-- Data extract --
● ● ●

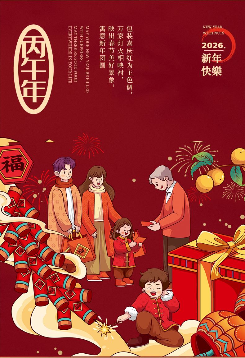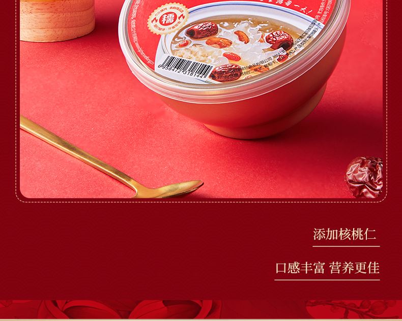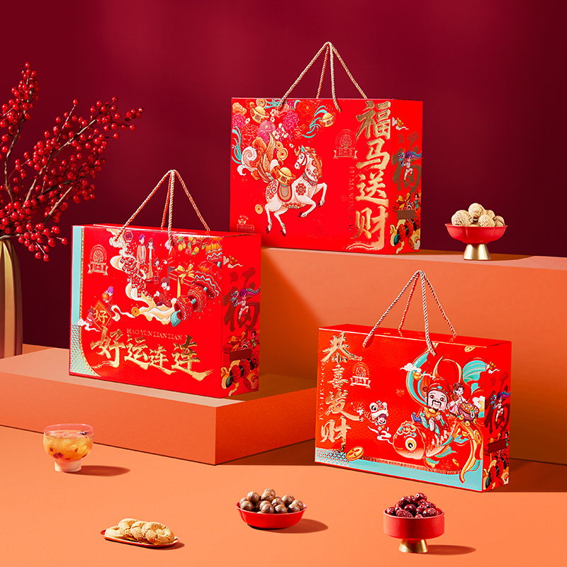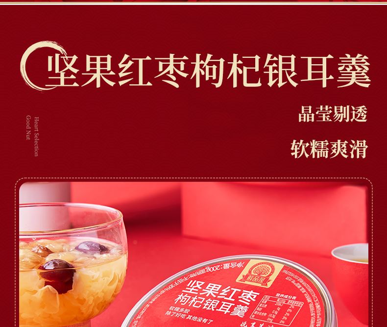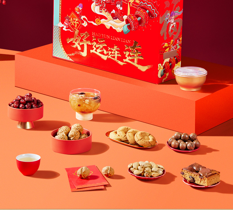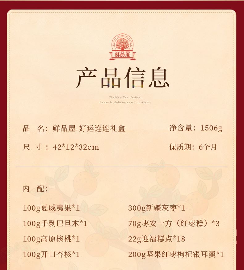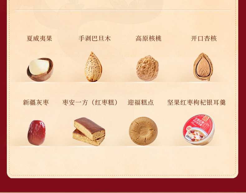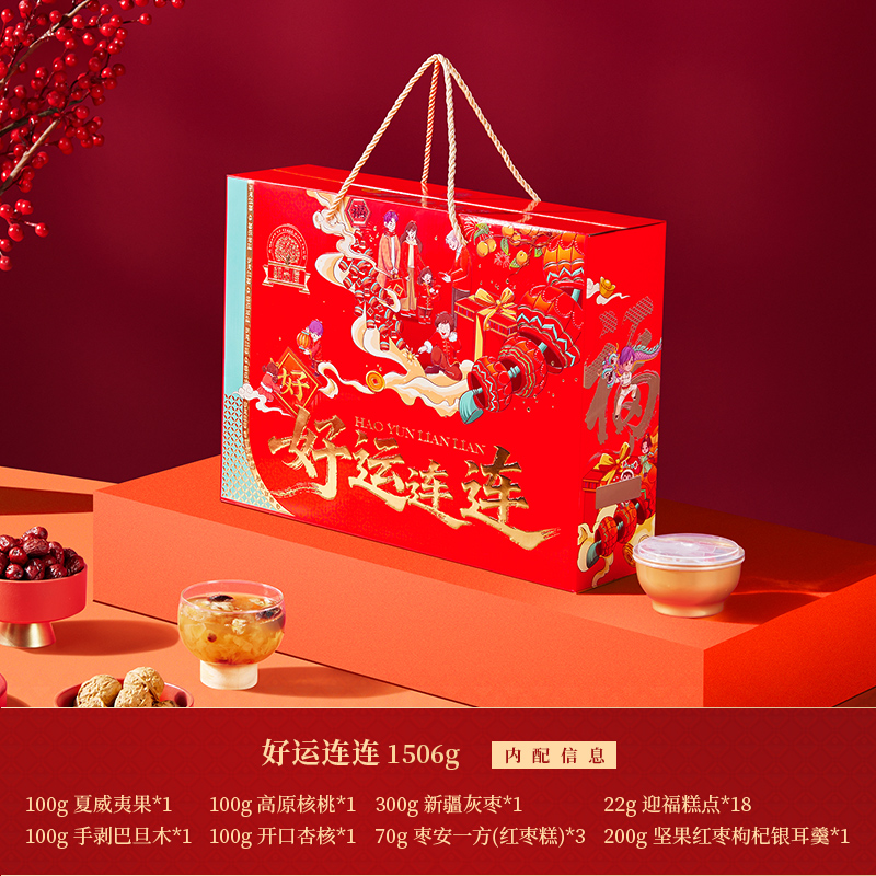 100g夏威夷果*1 100g手剥巴旦木*1 100g高原核桃*1 100g开口杏核*1 300g新疆灰枣*1 70g枣安一方(红枣糕)*3 22g迎福糕点*18 200g坚果红枣枸杞银耳羹*1 包装喜庆红为主色调,万家灯火相映衬,映出春节美好景象,寓意新年团圆; 净含量:1506g,内含8种美味,送亲朋好运连连,传递美好祝愿。
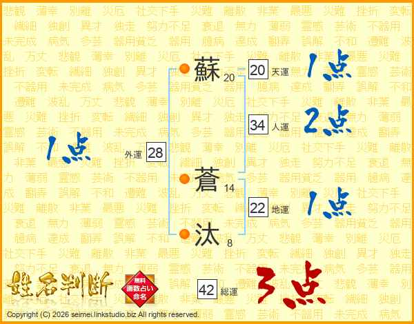 生活面を象徴する運勢です。外部から受ける影響力を表し、結婚運、家庭運や職場、環境への順応性を表します。総運から人運を引いた画数。姓や名が1文字の場合を除く。
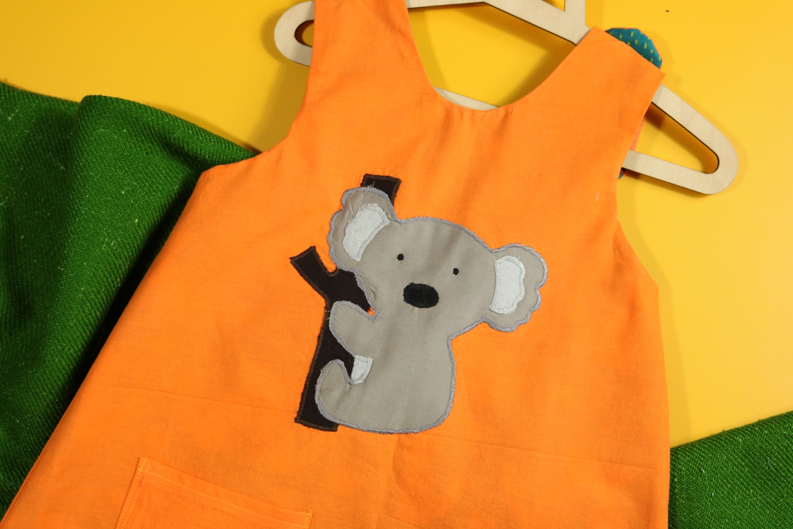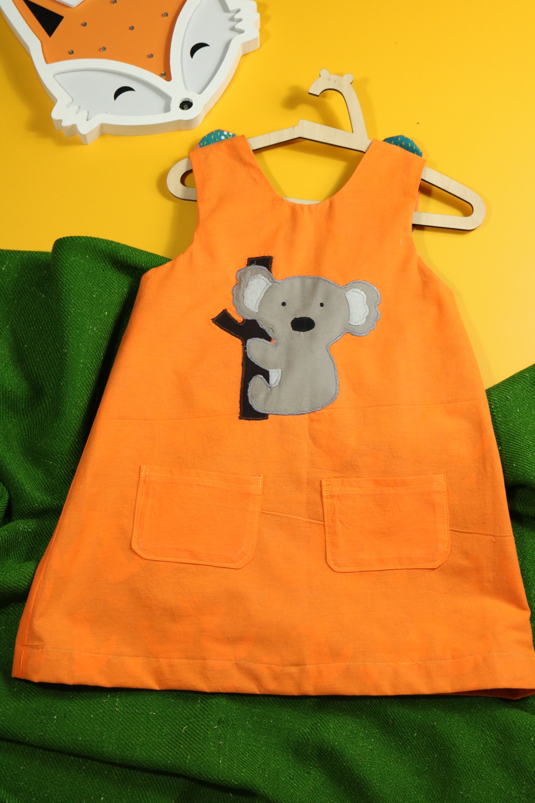 Sukienka wykonana z bawełny (zdekatyzowanej przed uszyciem – sukienka nie skurczy się po praniu). Zapinana na guziki z obu stron, na każdej z nich naszyte także dwie kieszonki. Na pierwszej stronie naszyta aplikacja z koalą.

● ● ●

-- Problem statement --
Ending at the line with "生活面を象徴する運勢です。外", reproduce exactly the lines that begin at the top of the data, and include no pictures.

-- Answer box --
 100g夏威夷果*1 100g手剥巴旦木*1 100g高原核桃*1 100g开口杏核*1 300g新疆灰枣*1 70g枣安一方(红枣糕)*3 22g迎福糕点*18 200g坚果红枣枸杞银耳羹*1 包装喜庆红为主色调,万家灯火相映衬,映出春节美好景象,寓意新年团圆; 净含量:1506g,内含8种美味,送亲朋好运连连,传递美好祝愿。
 生活面を象徴する運勢です。外部から受ける影響力を表し、結婚運、家庭運や職場、環境への順応性を表します。総運から人運を引いた画数。姓や名が1文字の場合を除く。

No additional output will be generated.